*Stored items from a collection*
====
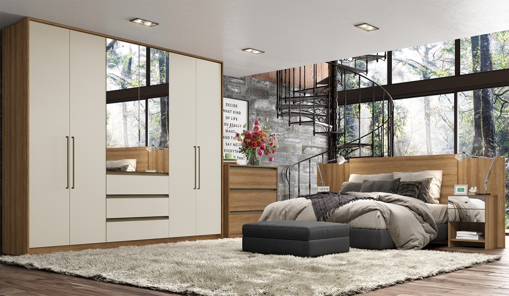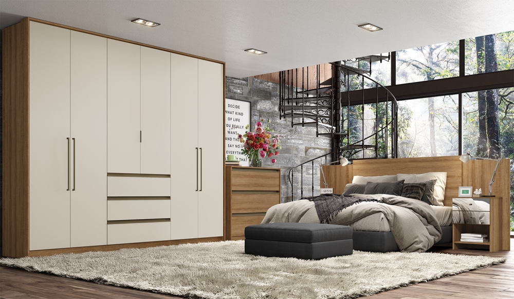 É constituído de 6 portas e 3 gavetas externas com trilho telescópico, que conferem conforto e praticidade ao móvel. Seu amplo espaço interno possui cabideiro inclusive para roupas longas, maleiros grandes e muitas prateleiras. Sua moldura envoltória proporciona sensação de leveza e plenitude ao produto, enquanto lindos puxadores em bronze (alumínio nas portas e perfil ABS nas gavetas) dão um toque de elegância e espelhos inteiros nas portas centrais proporcionam amplitude e requinte ao ambiente, na versão Glass.
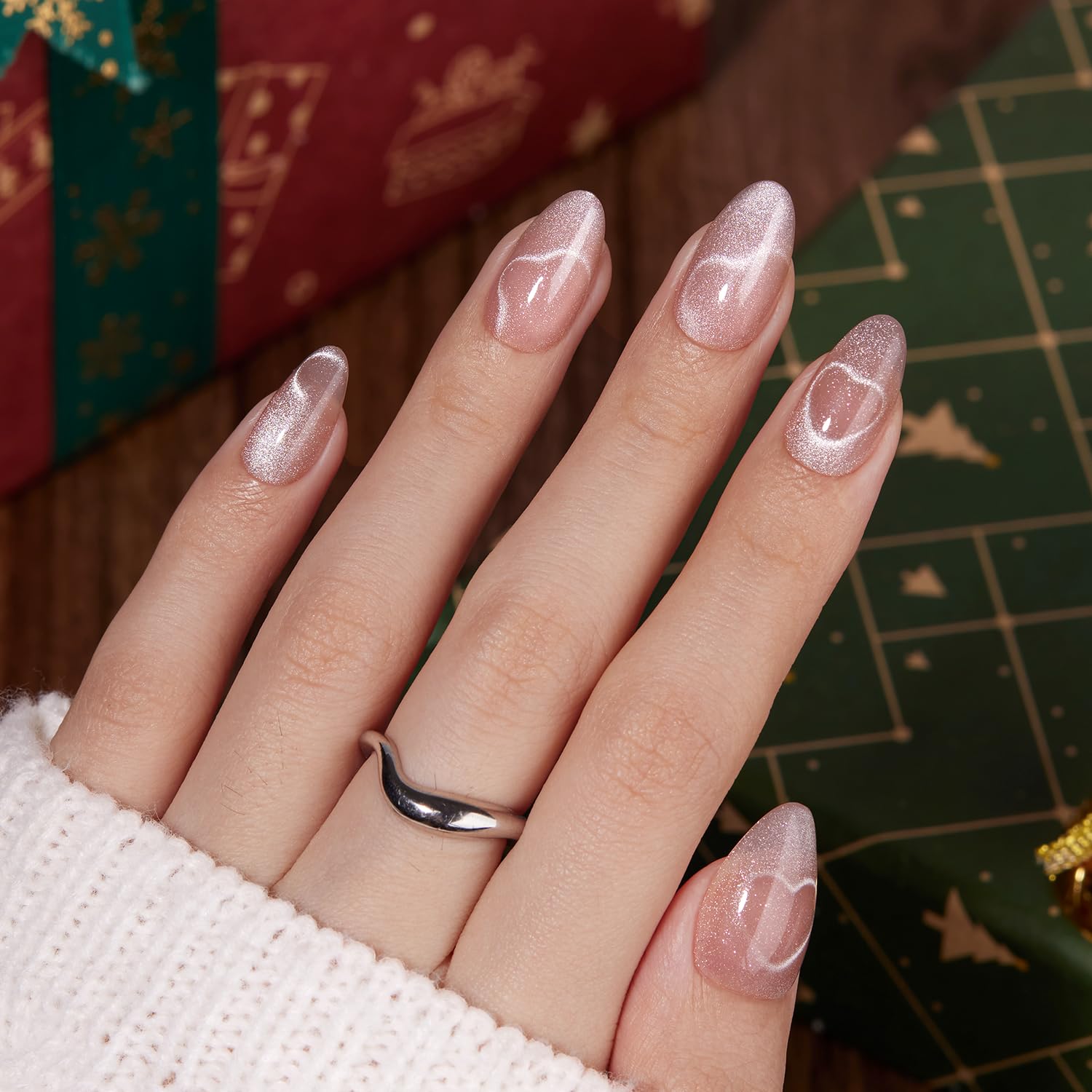 IN DEMAND💖💘| Cupid Pearl Cat Eye Press On Nails 25+ Days Wear | with 16 Sizes-32 Nails, 3 Glues
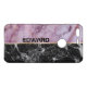 Modern image of black and light pink faux marble print geometric design gold accent. Customizable monogram.
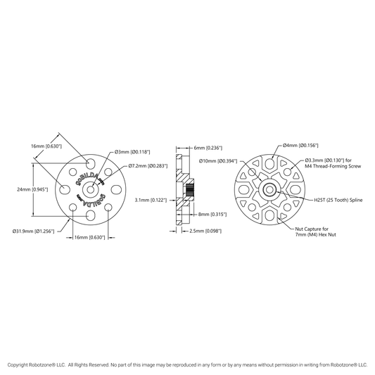 Plastic Servo Hub (H25T Spline, 32mm Diameter)
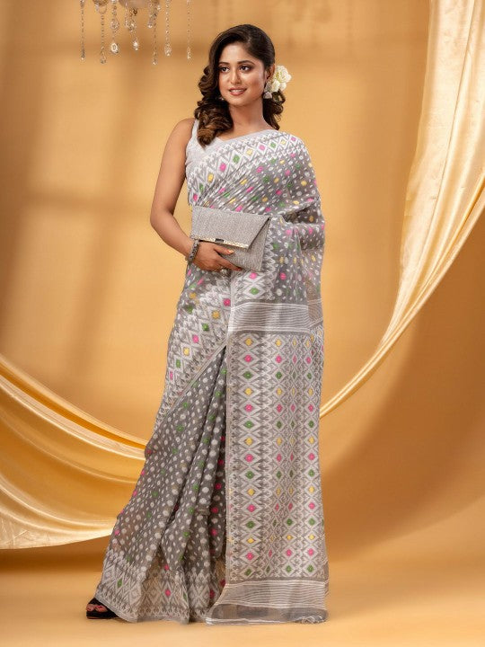 Hirokduti Resham Dhakai jamdani Bengal Pure Cotton Handloom Saree Whole Body Design without Blouse Piece
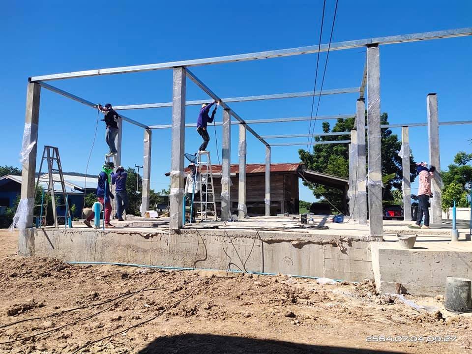 ตัวอย่างการขึ้นโครงสร้างหลังคาเหล็กซี ชุบกัลวาไนซ์ จะมีรอยเชื่อมที่ต้องเก็บสี ทำงานได้สะดวกรวดเร็วประหยัดเวลาค่าก่อสร้างมากมาย ชุดนี้เป็นการเริ่มขึ้นอะเสของโครงสร้างหลังคาทรงปั้นหยา
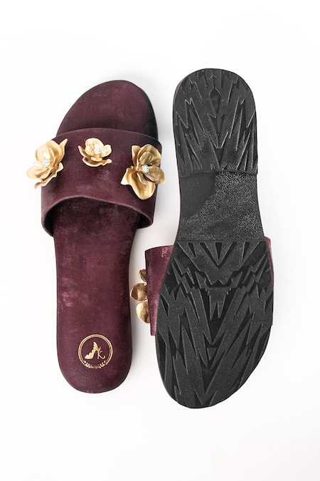 Maroon flats featuring rose bloom embellishments
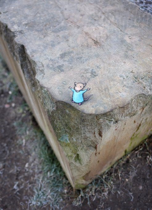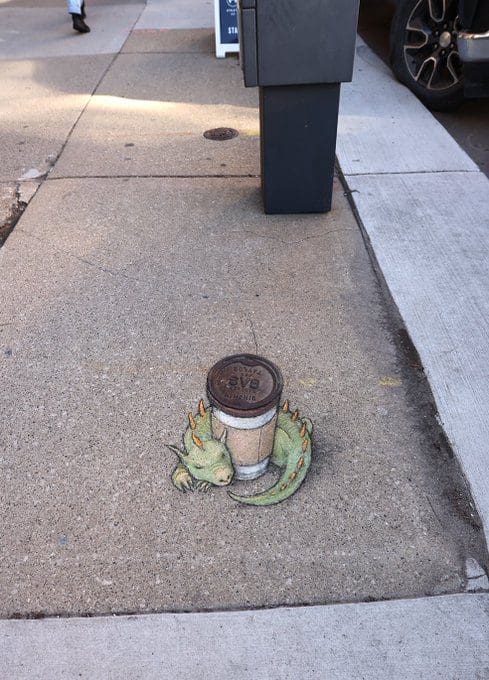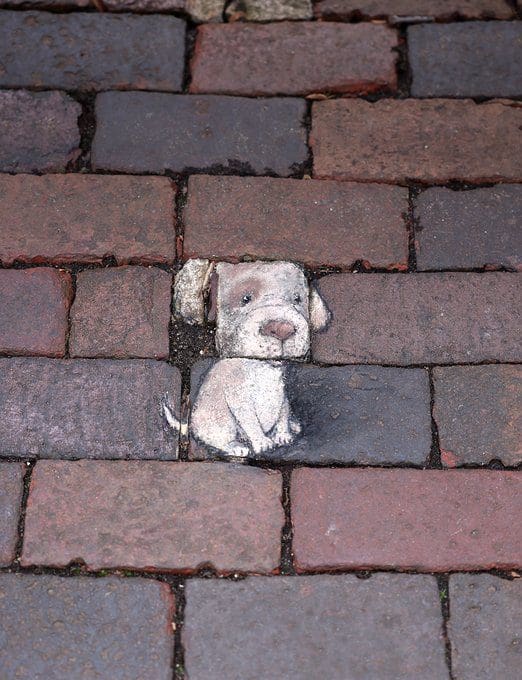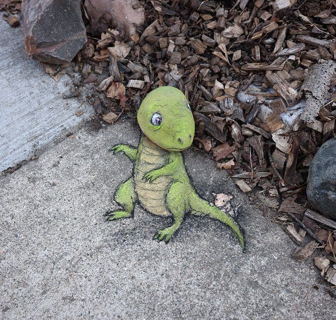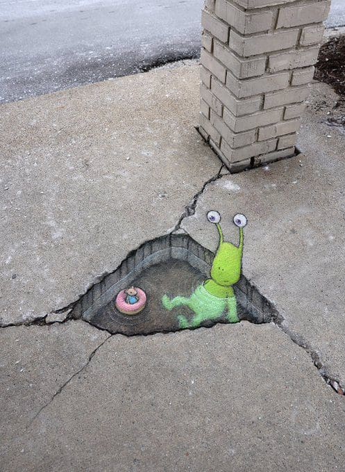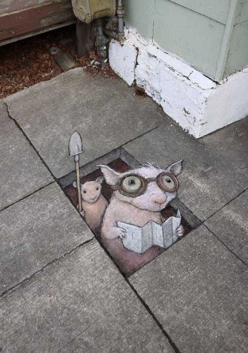 “David Zinn was a freelance commercial illustrator for more than twenty years until he picked out some sidewalk chalk to “work” outdoors on a beautiful day. Since then his work has appeared on streets around the United States and as far away as Taiwan, Sweden, Germany, France and Holland. He is the author of Temporary Preserves and Underfoot Menagerie and has been featured in The Guardian, Business Insider, and the Los Angeles Times, among others. Zinn lives in Ann Arbor, Michigan.” ~ Google.com
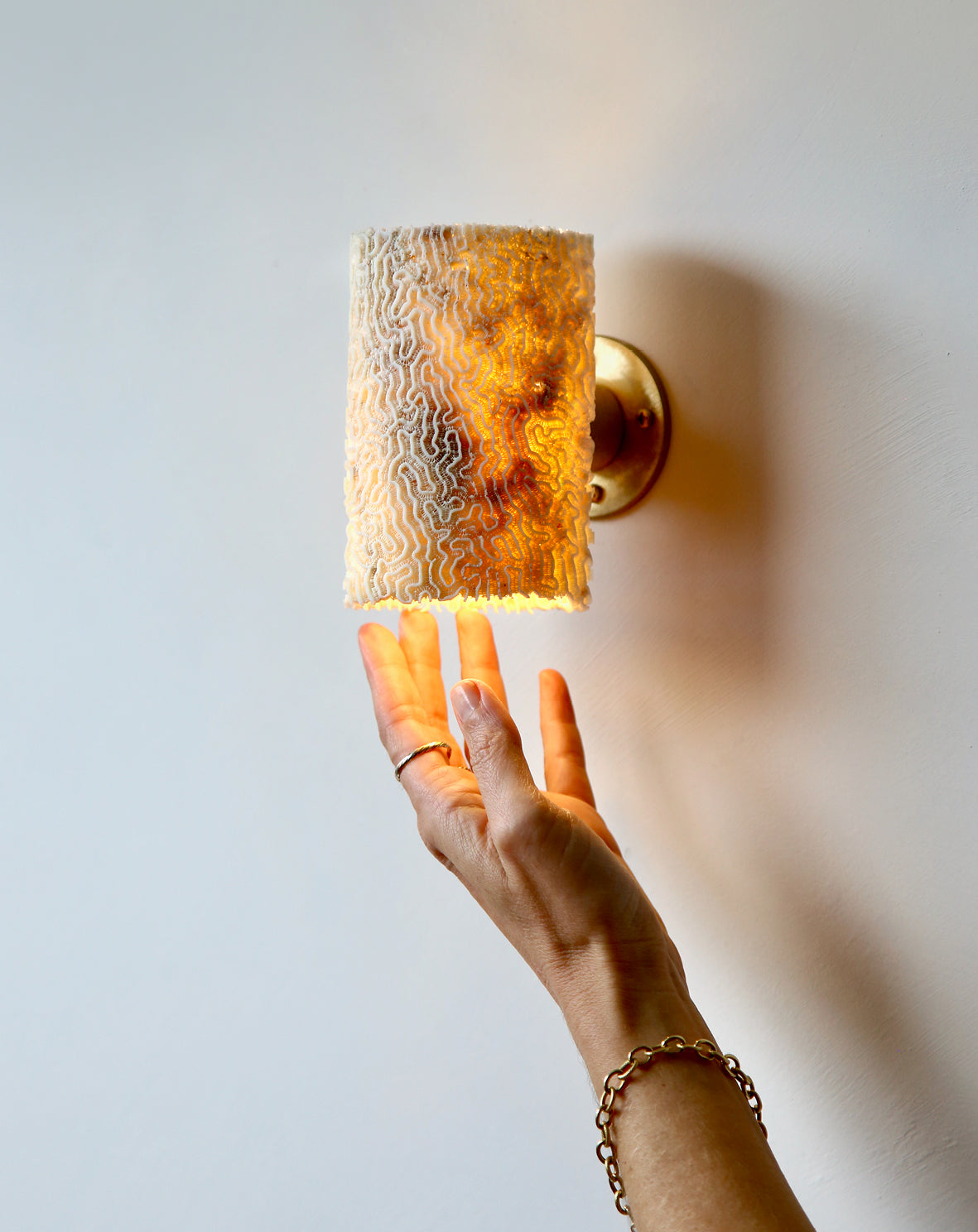 Fossil Coral Tube Wall Sconce - Small / Brass
====
*PROBLEM TO SOLVE*
Before you finish, make sure every line above has been repeated exactly and no picture remains in the copy.

*THE COMPLETED TASK*
 É constituído de 6 portas e 3 gavetas externas com trilho telescópico, que conferem conforto e praticidade ao móvel. Seu amplo espaço interno possui cabideiro inclusive para roupas longas, maleiros grandes e muitas prateleiras. Sua moldura envoltória proporciona sensação de leveza e plenitude ao produto, enquanto lindos puxadores em bronze (alumínio nas portas e perfil ABS nas gavetas) dão um toque de elegância e espelhos inteiros nas portas centrais proporcionam amplitude e requinte ao ambiente, na versão Glass.
 IN DEMAND💖💘| Cupid Pearl Cat Eye Press On Nails 25+ Days Wear | with 16 Sizes-32 Nails, 3 Glues
 Modern image of black and light pink faux marble print geometric design gold accent. Customizable monogram.
 Plastic Servo Hub (H25T Spline, 32mm Diameter)
 Hirokduti Resham Dhakai jamdani Bengal Pure Cotton Handloom Saree Whole Body Design without Blouse Piece
 ตัวอย่างการขึ้นโครงสร้างหลังคาเหล็กซี ชุบกัลวาไนซ์ จะมีรอยเชื่อมที่ต้องเก็บสี ทำงานได้สะดวกรวดเร็วประหยัดเวลาค่าก่อสร้างมากมาย ชุดนี้เป็นการเริ่มขึ้นอะเสของโครงสร้างหลังคาทรงปั้นหยา
 Maroon flats featuring rose bloom embellishments
 “David Zinn was a freelance commercial illustrator for more than twenty years until he picked out some sidewalk chalk to “work” outdoors on a beautiful day. Since then his work has appeared on streets around the United States and as far away as Taiwan, Sweden, Germany, France and Holland. He is the author of Temporary Preserves and Underfoot Menagerie and has been featured in The Guardian, Business Insider, and the Los Angeles Times, among others. Zinn lives in Ann Arbor, Michigan.” ~ Google.com
 Fossil Coral Tube Wall Sconce - Small / Brass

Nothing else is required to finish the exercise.